Because in order to keep us interested, still guessing, still theorising, oh the mysteries some of which, like Hamlet's listlessness, may never be "solved". We don’t know who was controlling the TARDIS, who’s voice is slithering “Silence will fall” or why, as the Doctor notes, his time machine exploded in the first place. We don’t know what happened to the ducks in the duck pond. A crack, perhaps, but given how often these potentially otherwise picayune anatidae have been mentioned, no explanation to their relevance was forthcoming. What of the machine in The Lodger? Perhaps most importantly, will Arthur Darvill be in the opening credits now that he appears to be a full companion? He’s certainly earned it, having been in more episodes than Moffat’s written, and turned Rory into a character who feels as significant as Amy. Unless he really does become nu-Who’s equivalent of South Park’s Kenny, always existing on the precipice between life and death, ready to take the bullet or neutron ray when an episode is requiring an emotional crescendo.

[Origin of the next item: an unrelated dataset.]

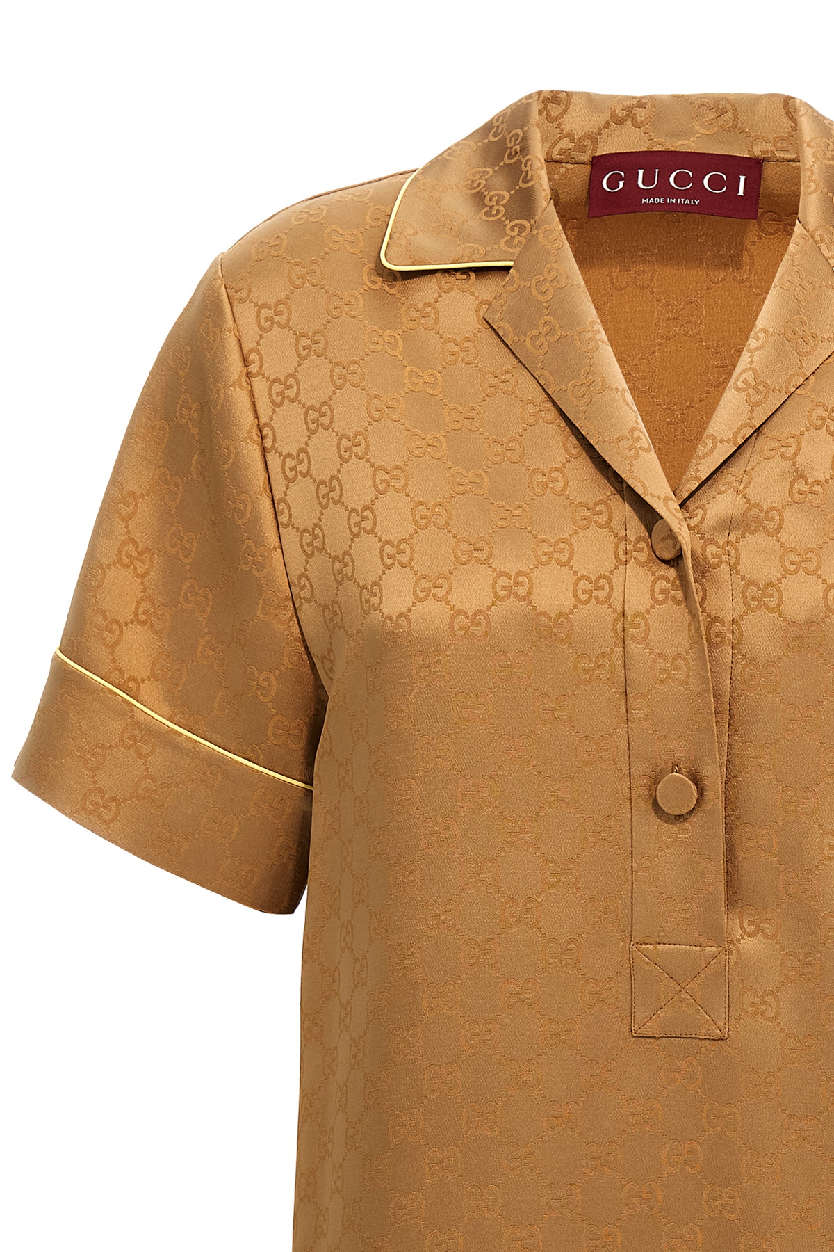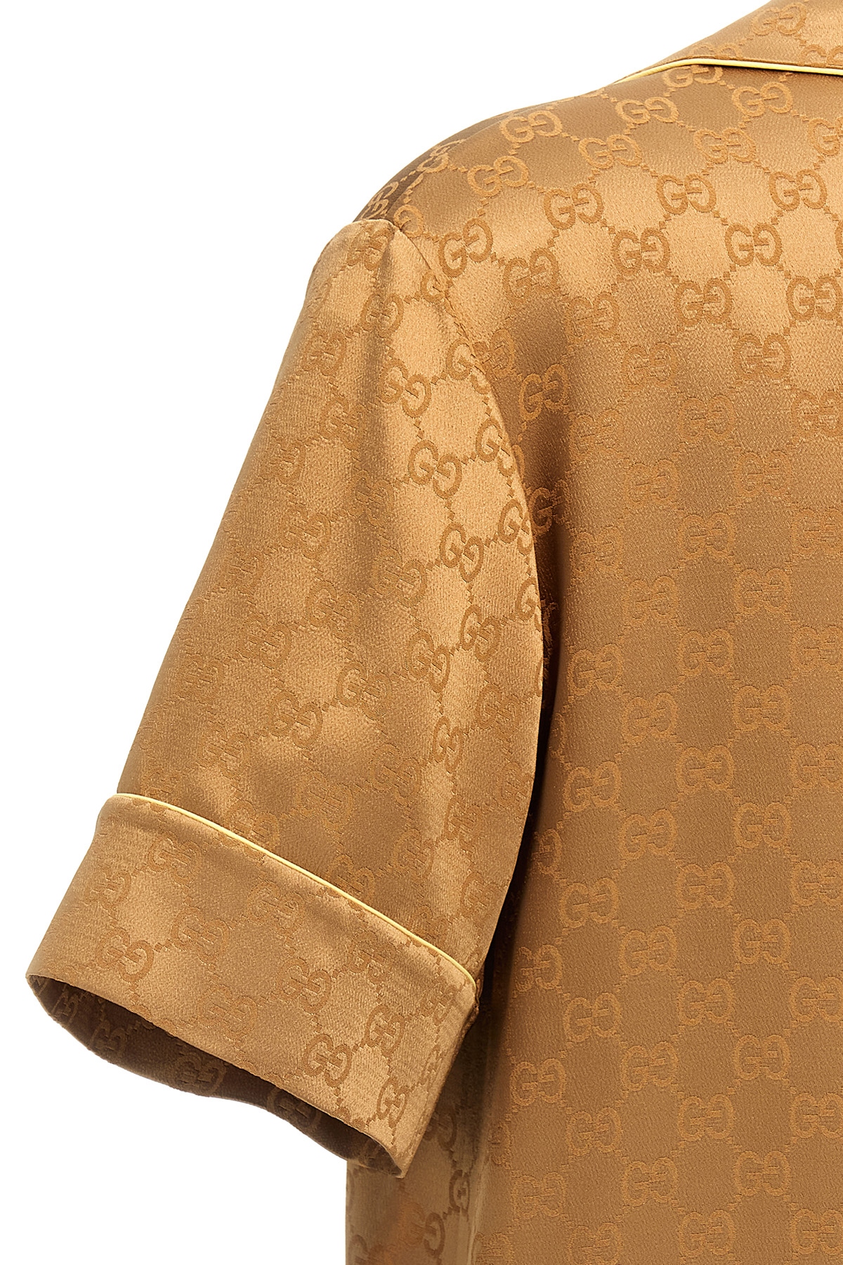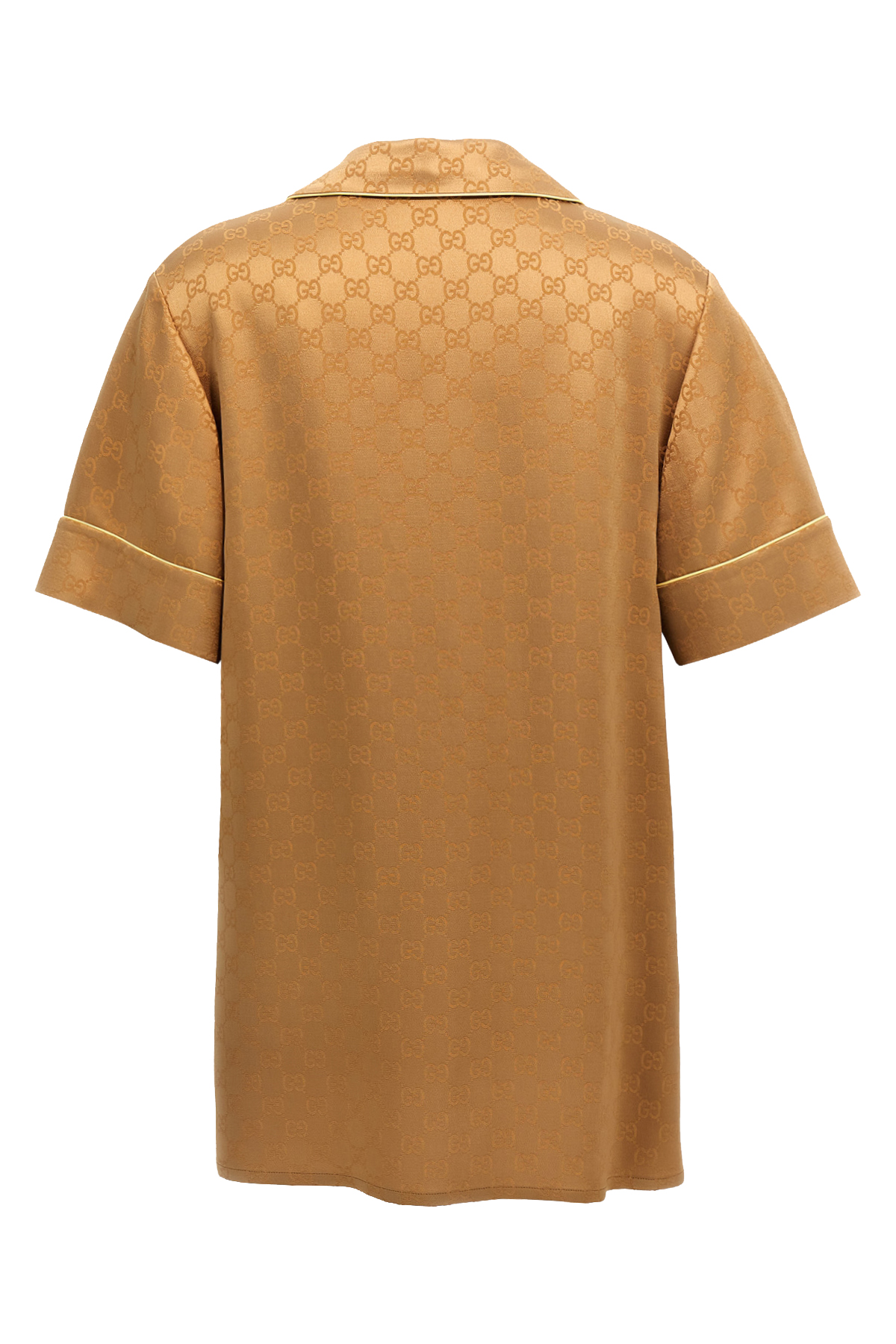 All-over GG monogramm satin shirt with solid color details, collar and buttons, short sleeves with dropped shoulders.

In my review of The Eleventh Hour, I said I was “enchanted, beguiled, cheering, laughing and clapping” and that’s been my state through most of this series (though to be fair when has it ever not been?). The only slightly bogus journey was the Chibnall Silurian two-parter and even that held together well enough on the strength of its dialogue, its direction and performances. There was no New Earth, no Planet of the Ood. Even Victory of the Daleks entertained me, though I know it’s not been universally praised because of (amongst other things) the new Dalek design. What Moffat has done is to somehow mix our collective childhood memory of Doctor Who (before it was tarnished through our adult cynicism via dvd) with the needs of modern television for an emotional luminance and hired a Doctor who is able to embody both. If nothing else, I think we can all agree that in Matt Smith is a replacement for the other fella who may well yet eclipse him (assuming he hasn’t already).